__PROBLEM DETAILS__: Your task is to repeat the lines below exactly, excluding any pictures they contain.

__DATA__:
****************************************

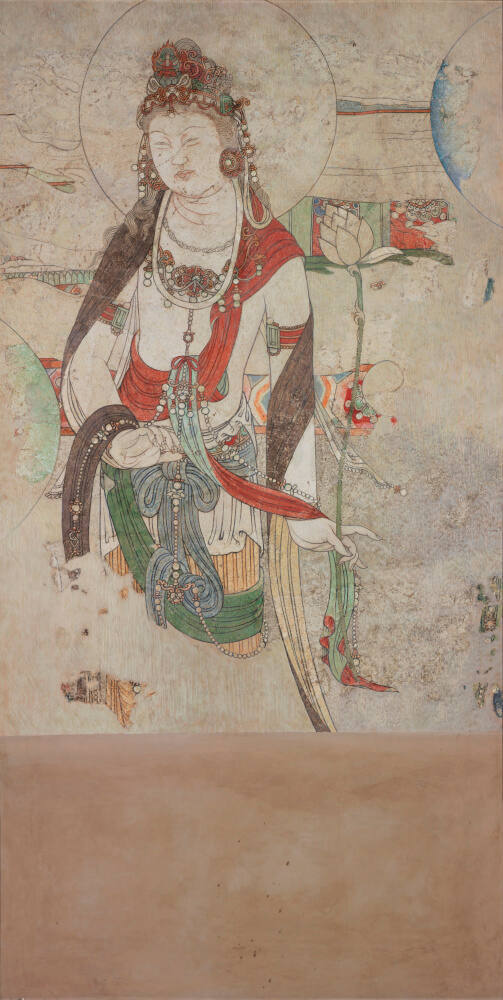 When a small break in Two Bodhisattvas Burning Ritual Incense (50-64 A) revealed color within the clay foundation, Museum conservators determined that the painting had been done on a surface plastered over a previous work. The two paintings were carefully separated and revealed this bodhisattva of an earlier period. Because this painting was preserved under the mud plaster, the colors remain fresh. Some areas have been restored to integrate the composition. This earlier painting is rendered in a much simpler style than the other two. It incorporates broader areas of color but simplifies the surface decoration. The figure in the shape of a fluid "S" curve resembles many Tang dynasty sculptures. These stylistic elements suggest that it predates the images in the other two paintings.
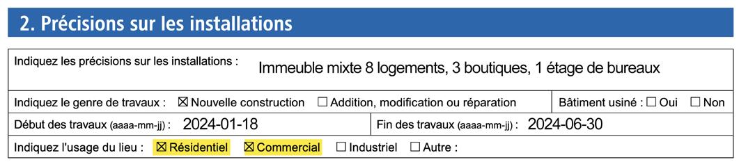 Une seule déclaration par bâtiment est nécessaire. Dans ce cas, il faut préciser qu’il s’agit d’une nouvelle construction dans la section 2. Précisions sur les installations. Il faut également indiquer les dates de début et de fin prévue des travaux. Puisque les travaux débutent à la mi-janvier, la déclaration doit être envoyée avant le 20 février. Aussi, cochez
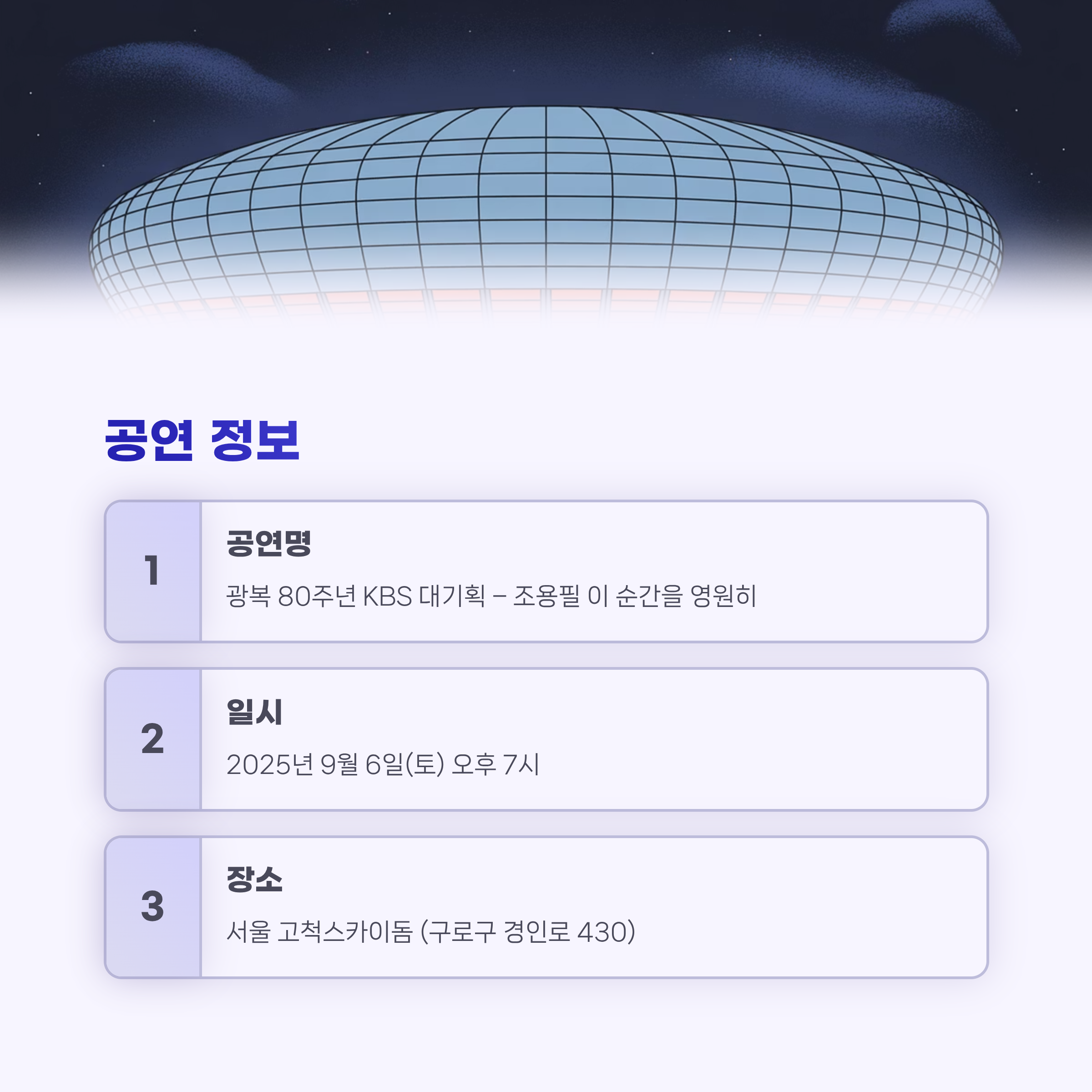 대한민국 가요계의 살아있는 전설 조용필이 광복 80주년을 기념해 특별 무료 콘서트를 개최합니다. 이번 공연은 서울 고척스카이돔에서 열리며, 전 좌석이 무료로 배정되는 만큼 예매 경쟁이 치열할 것으로 예상됩니다. 관람을 희망하시는 분들을 위해 일정, 티켓 신청 방법, 관람 유의사항을 상세히 정리했습니다.

****************************************

__SOLVED EXERCISE__:
 When a small break in Two Bodhisattvas Burning Ritual Incense (50-64 A) revealed color within the clay foundation, Museum conservators determined that the painting had been done on a surface plastered over a previous work. The two paintings were carefully separated and revealed this bodhisattva of an earlier period. Because this painting was preserved under the mud plaster, the colors remain fresh. Some areas have been restored to integrate the composition. This earlier painting is rendered in a much simpler style than the other two. It incorporates broader areas of color but simplifies the surface decoration. The figure in the shape of a fluid "S" curve resembles many Tang dynasty sculptures. These stylistic elements suggest that it predates the images in the other two paintings.
 Une seule déclaration par bâtiment est nécessaire. Dans ce cas, il faut préciser qu’il s’agit d’une nouvelle construction dans la section 2. Précisions sur les installations. Il faut également indiquer les dates de début et de fin prévue des travaux. Puisque les travaux débutent à la mi-janvier, la déclaration doit être envoyée avant le 20 février. Aussi, cochez
 대한민국 가요계의 살아있는 전설 조용필이 광복 80주년을 기념해 특별 무료 콘서트를 개최합니다. 이번 공연은 서울 고척스카이돔에서 열리며, 전 좌석이 무료로 배정되는 만큼 예매 경쟁이 치열할 것으로 예상됩니다. 관람을 희망하시는 분들을 위해 일정, 티켓 신청 방법, 관람 유의사항을 상세히 정리했습니다.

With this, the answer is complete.